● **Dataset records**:
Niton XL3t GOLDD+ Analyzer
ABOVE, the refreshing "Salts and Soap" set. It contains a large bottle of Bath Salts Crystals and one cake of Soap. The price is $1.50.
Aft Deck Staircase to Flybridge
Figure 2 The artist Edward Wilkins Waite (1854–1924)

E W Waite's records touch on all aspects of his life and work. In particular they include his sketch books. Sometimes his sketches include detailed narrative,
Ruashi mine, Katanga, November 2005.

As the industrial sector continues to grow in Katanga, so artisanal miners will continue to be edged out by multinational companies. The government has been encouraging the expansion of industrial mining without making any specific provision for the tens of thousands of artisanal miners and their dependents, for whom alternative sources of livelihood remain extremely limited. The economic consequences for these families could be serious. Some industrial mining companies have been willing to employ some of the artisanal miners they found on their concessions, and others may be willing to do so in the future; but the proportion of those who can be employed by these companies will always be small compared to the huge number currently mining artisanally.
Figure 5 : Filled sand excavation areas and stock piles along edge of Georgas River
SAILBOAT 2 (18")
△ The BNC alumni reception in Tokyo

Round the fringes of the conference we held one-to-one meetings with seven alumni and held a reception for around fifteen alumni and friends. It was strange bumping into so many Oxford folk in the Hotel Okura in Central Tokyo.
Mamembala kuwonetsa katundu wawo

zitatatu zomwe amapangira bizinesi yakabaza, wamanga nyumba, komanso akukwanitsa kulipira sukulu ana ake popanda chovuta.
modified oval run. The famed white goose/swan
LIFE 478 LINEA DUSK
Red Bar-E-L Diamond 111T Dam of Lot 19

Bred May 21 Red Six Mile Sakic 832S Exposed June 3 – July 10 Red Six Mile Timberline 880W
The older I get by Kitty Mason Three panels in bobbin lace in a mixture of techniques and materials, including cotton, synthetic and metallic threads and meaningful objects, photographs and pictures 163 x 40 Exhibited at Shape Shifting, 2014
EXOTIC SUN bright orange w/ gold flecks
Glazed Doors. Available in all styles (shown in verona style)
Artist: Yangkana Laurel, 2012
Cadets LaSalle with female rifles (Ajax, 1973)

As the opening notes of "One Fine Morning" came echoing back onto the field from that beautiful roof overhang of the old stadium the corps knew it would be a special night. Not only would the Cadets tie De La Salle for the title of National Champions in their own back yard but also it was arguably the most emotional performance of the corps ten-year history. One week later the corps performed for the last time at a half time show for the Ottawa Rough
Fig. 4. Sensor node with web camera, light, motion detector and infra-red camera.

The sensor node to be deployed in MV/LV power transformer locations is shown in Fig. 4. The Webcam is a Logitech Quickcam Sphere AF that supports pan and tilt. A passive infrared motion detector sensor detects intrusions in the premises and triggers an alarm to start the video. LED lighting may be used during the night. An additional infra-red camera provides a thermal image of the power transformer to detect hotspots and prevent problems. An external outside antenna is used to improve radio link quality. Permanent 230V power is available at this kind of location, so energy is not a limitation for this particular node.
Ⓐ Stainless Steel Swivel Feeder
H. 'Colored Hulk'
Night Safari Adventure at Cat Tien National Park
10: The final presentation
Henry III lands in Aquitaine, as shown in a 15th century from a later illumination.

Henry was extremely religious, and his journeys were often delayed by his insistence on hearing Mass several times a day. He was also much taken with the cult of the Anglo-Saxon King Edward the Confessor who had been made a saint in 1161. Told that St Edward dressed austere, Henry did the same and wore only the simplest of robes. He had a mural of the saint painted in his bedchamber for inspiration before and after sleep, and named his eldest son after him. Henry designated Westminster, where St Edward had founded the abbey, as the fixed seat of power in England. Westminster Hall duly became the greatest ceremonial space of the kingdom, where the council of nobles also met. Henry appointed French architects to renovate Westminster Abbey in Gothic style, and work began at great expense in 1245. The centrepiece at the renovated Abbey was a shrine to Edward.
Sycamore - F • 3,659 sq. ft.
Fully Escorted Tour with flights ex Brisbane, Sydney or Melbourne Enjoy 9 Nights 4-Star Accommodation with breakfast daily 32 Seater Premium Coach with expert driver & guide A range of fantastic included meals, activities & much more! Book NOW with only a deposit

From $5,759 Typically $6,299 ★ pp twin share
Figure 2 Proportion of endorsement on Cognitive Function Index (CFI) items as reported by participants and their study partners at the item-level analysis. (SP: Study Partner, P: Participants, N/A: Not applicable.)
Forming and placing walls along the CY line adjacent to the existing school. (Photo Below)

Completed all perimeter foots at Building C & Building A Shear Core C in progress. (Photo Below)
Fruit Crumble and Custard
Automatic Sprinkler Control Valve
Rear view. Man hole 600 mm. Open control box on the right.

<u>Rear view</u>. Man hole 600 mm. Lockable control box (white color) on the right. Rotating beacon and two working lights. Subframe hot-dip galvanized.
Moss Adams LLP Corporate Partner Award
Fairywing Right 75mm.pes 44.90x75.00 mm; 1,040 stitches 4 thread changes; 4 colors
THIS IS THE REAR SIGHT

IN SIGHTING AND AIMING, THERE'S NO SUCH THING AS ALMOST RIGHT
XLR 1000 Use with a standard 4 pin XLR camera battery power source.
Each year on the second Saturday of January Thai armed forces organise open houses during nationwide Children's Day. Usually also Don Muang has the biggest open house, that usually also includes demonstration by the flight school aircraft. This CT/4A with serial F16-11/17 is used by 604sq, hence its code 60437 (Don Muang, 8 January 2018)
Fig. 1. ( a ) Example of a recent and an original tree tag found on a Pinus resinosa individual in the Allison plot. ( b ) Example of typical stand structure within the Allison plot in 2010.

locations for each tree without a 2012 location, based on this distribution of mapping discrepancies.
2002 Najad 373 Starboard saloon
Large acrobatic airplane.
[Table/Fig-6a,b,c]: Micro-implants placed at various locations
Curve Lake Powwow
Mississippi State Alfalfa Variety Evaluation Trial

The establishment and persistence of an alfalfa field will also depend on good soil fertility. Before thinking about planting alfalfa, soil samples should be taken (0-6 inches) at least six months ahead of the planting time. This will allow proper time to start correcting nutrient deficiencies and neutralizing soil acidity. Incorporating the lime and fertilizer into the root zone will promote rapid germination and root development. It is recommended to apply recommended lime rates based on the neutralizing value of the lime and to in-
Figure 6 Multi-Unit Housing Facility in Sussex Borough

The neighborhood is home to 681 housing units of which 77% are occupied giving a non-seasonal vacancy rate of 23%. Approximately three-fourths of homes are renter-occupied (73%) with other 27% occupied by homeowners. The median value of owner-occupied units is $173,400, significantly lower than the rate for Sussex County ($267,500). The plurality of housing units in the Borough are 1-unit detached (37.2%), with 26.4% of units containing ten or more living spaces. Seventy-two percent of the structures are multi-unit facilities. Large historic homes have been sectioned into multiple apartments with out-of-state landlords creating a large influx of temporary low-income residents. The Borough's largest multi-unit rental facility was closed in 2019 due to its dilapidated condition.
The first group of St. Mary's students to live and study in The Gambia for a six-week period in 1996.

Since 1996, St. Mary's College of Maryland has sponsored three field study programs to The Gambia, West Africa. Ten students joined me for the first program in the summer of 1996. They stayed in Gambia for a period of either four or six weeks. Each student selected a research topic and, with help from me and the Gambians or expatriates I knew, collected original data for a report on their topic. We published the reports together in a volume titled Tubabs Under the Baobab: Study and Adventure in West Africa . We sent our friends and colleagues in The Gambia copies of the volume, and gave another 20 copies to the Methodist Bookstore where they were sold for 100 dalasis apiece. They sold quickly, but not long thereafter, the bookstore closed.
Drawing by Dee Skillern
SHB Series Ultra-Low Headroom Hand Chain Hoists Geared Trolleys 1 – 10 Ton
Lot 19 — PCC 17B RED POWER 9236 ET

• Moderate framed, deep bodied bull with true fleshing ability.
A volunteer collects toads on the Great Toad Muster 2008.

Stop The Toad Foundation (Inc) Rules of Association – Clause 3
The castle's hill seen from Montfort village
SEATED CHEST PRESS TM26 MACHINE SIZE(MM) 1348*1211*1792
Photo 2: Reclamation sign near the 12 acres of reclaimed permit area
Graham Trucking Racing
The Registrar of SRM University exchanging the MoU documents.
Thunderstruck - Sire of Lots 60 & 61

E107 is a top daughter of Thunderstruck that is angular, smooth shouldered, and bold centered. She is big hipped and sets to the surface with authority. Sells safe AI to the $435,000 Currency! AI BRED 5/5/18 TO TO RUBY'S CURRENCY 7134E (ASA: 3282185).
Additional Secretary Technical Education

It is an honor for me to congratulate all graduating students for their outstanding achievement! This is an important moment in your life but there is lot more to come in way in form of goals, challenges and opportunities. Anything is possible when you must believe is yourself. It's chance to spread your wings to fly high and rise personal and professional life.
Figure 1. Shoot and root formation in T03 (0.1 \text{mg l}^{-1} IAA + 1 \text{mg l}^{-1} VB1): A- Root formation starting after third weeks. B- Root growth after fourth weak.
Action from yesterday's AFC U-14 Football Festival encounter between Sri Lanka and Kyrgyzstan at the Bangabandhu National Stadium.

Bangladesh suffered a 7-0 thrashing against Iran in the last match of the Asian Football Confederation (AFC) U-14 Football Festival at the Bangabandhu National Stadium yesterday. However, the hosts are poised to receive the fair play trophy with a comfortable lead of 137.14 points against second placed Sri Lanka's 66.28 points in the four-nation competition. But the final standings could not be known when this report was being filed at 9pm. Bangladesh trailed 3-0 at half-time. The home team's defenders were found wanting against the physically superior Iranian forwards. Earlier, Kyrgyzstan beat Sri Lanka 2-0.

● **Directions for this task**:
Number of lines above with the word "friends": state it alone.

● **Written answer**:
2